VIII. Операция в Норвегии была «Войной Гитлера»

   20 февраля 1940 г. Гитлер вызвал из Кобленца в Берлин генерала фон-Фалькенгорста, командира 21-го армейского корпуса.
   «Я не имел никакого понятия, – рассказал Фалькенгорст в Нюрнберге – о причинах моего вызова. Я явился в Канцелярию 21 февраля и в 11 часов я был принят Гитлером. Тут же были Кайтель и Иодль.
   В 1918 году я принимал участие в высадке в Финляндии. Гитлер напомнил мне это и сказал: «садитесь и расскажите, как это там было».
   Через несколько минут фюрер прервал меня и подвел к столу, на котором были разложены карты. «Я имею в виду, – сказал он мне, – нечто подобное: оккупацию Норвегии, так как я имею сведения, что англичане намереваются высадиться там и я хочу их предупредить».
   Потом, расхаживая взад и вперед по кабинету, он изложил мне свои доводы. «Оккупация Норвегии англичанами, – сказал он мне, – была бы стратегическим маневром, который открыл бы им доступ в Балтийское море, где у нас нет ни войск, ни побережных укреплений. Наш успех в Польше и наши будущие успехи на Западе были бы этим маневром сведены на нет, так как неприятель был бы в состоянии произвести высадку в тылу, двинуться на Берлин и разрезать Германию пополам.
   С другой стороны, – продолжал Гитлер, – оккупация Норвегии нами обеспечит свободу передвижения нашего флота из Вильгельмсгафена и облегчит доставку в Германию железной руды из Швеции».
   Фюрер настаивал со все возрастающей силой на важности экспедиции. «Это важно для ведения войны… это необходимо… это имеет решающее значение…».

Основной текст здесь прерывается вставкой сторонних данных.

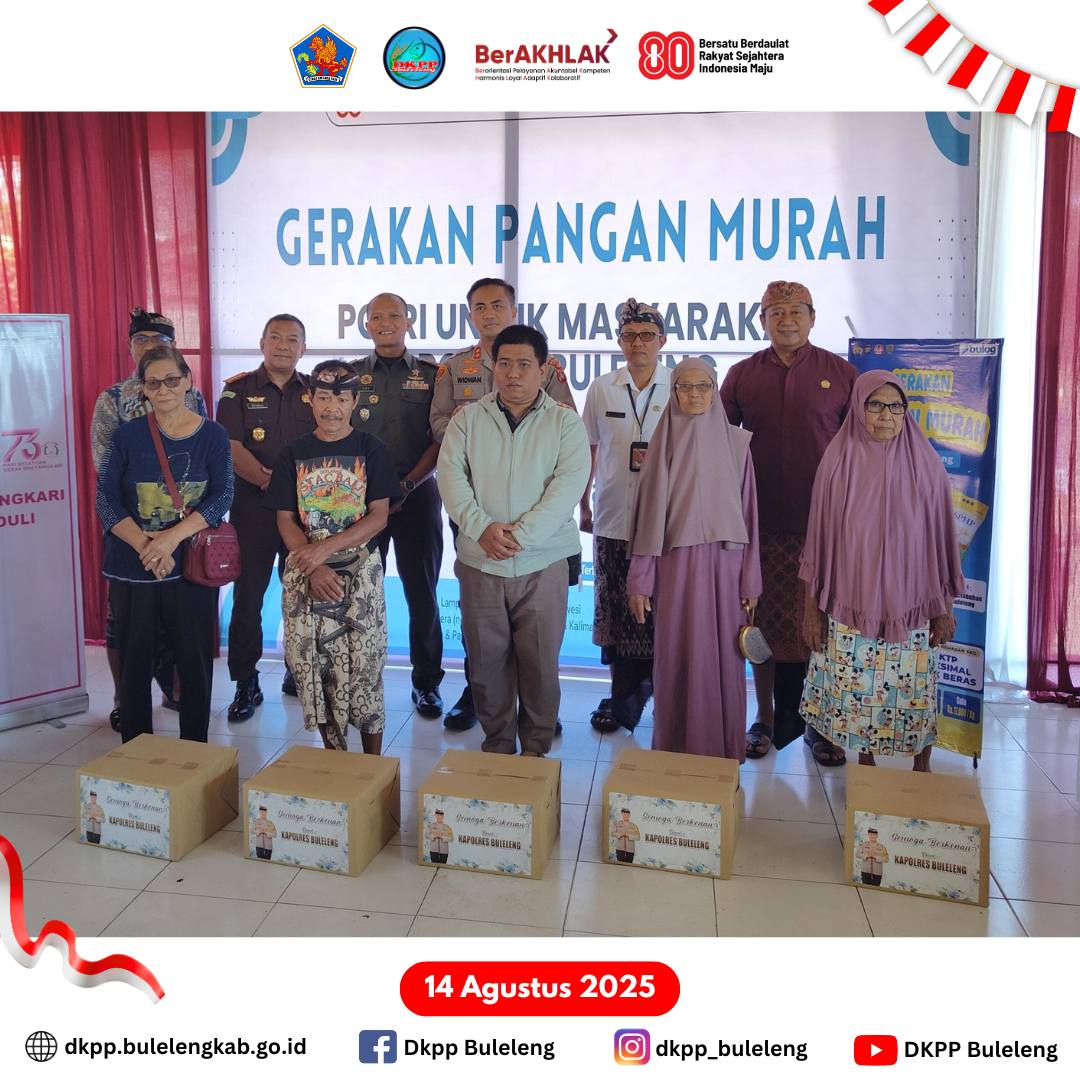 Kamis, 14 Agustus 2025 - Kepala Dinas Ketahanan Pangan dan Perikanan Kabupaten Buleleng I Gede Putra Aryana, S.Sos., MAP. yang dalam hal ini mewakili Bupati Buleleng menghadiri kegiatan Zoom Meeting Kick Off Launching Gerakan Pangan Murah (GPM) secara serentak tingkat Nasional, bertempat di Wantilan Ex. Pelabuhan Buleleng.

   «Наконец он заявил мне: „Я поручаю вам начальствование экспедицией“.
   «Фалькенгорст, – говорит Иодль, – принял назначение с радостью. Он был рекомендован Гитлеру Кайтелем. Гитлер сказал на это: „Я его не знаю, но я позову его и поговорю с ним часок, чтобы составить о нем понятие“.
   Фалькенгорст ему понравился. Гитлер отпустил его и просил снова придти после обеда для обсуждения некоторых деталей. Идя по Вильгельмштрассе, Фалькенгорст вспомнил, что он ничего не знает о Норвегии, в которой никогда не бывал. Он зашел в книжный магазин и купил путеводитель по Норвегии.
   До пяти часов дня, – рассказывает он, – я изучал очертания берегов, прибрежные города и пути сообщения».
   Забавное совпадение: в то же самое время автор этой книги во втором Бюро французского G.Q.G. получил в свое заведывание север Европы. Он нашел свои папки пустыми – Главный Штаб никогда не предвидел операций в Скандинавии; и ему тоже пришлось прибегнуть к Бедекеру, чтобы получить первоначальные сведения об этих странах.
   В 5 часов Фалькенгорст уже снова был у стола с картами в обществе Гитлера, Кайтеля и Иодля. Гитлер сообщил ему, что план операции разработан ОКВ. Экспедиционный корпус должен был состоять из пяти дивизий. Высадка – только в портах. Дело шло только о занятии побережья, но отнюдь не о завоевании страны и не о войне против норвежского народа.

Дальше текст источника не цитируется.